People with disabilities dot com

Journalism and commentary careers

Journalists with a disability looking through a camera.
An independent journalist looking through a camera.

Some people with disabilities should consider becoming journalists, commentators or anchors on TV. Several routes exist for this.

Mainstream media journalist/TV anchor

You can get hired by a media company and work for them. This may be easier said than done as it's possible you can face discrimination.

Doing freelance journalism for the company first might be a good way to introduce them to your work.

You could also pitch independent outlets instead of mainstream media outlets.

Many outlets (especially mainstream media outlets) would require a journalism degree. This could be a possible barrier for those on lower incomes.

Independent journalists

Independent journalists generally release stories on their website and/or YouTube channel.

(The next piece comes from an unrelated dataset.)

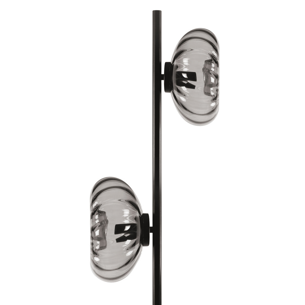 Dekorative Leuchte aus Metall und Rauchglas mit austauschbarer Lichtquelle.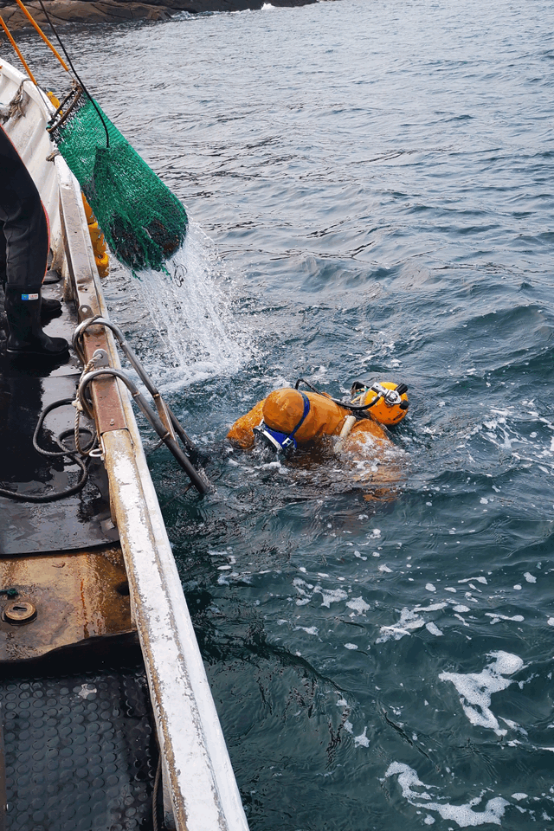 嘉賓與媒體紛紛登上船只,前往獐子島馬牙灘海域,親眼見證20余名潛水員從10艘玻璃鋼采捕船上魚躍入海,進(jìn)行海參采捕。

You don't need a journalism degree though getting one may be useful.

You should follow journalistic ethics otherwise people may sue you or you may ruin your reputation.

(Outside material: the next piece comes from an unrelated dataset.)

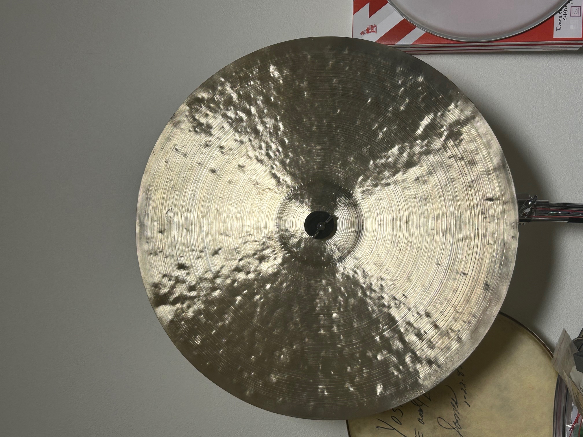 昨日、買い付けいたしておりました、Lius Cymbal3枚が届きました。特に23”二千六百三十二gSizzleがお勧めの1枚、私はブライアンブレードさんのトップサイドCrashのイメージで買い付け致しました。素晴らしい響きの個性あふれる1枚、こちらもShizzleホールが6個空いておりますが、Sizzleはお好みで簡単にインストール可能です・・・Lius 奇数サイズは中途半端なピッチにならず奇数サイズでしか出ない独特の奥の深い世界観が有ると感じており、強くお勧めさせて頂きます。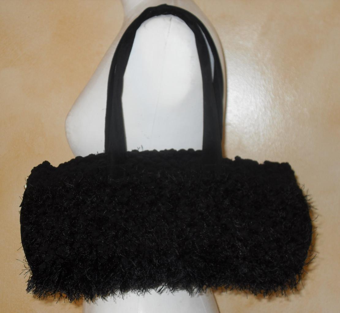 Sac à main forme bowling en laine noire imitation fausse fourrure et laine boules.Côtés en daim. Crital de swarovski sur les côtés.

Mainstream media journalists typically get more access to people and events than independent journalists. For example companies would invite journalists to press events. It's possible you'll get invites to such events but you may have to get on the right lists and/or have the right contacts etc.

Freelance journalist

This approach requires you to pitch ideas to companies and if they accept your stories they'll pay you. It's possible companies will assign you stories but most of the time you'll have to come up with stories yourself.

Interviewing people

As the owner of many websites I have interviewed DJs, former politicians and TV stars.

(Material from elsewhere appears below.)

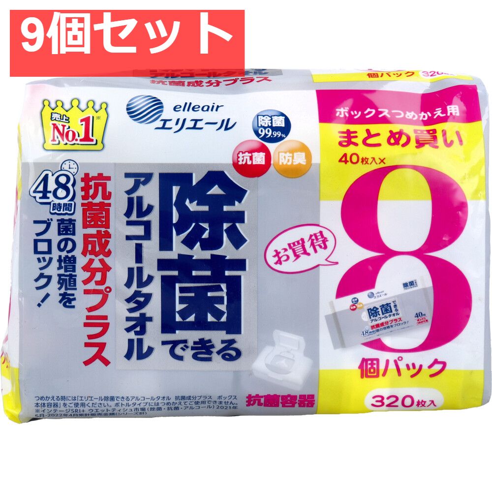 エリエール 除菌できるアルコールタオル 抗菌成分プラスボックス詰替用 40枚×8個パック 9個セット まとめ売りの検索結果

It's generally easier to ask people with lower profiles for interviews; they will be more likely to accept your interview request. You can usually contact such people directly.

If you Email/message many big name celebrities or their agents they will most likely ignore you unless you're part of a major company.

You should be a bit careful on the questions that you ask. It's possible the interviewee may find your questions offensive even if you did not intend this. This won't happen often but this is something that you have to be mindful of.

From experience some of the people you interview will promote your piece about them on social media.

Costs of doing independent journalism and/or independent commentary

Sometimes you may need to travel so the costs could include flights and accommodation for whoever is going.

If you're going to have a website this costs $50-$200 per year.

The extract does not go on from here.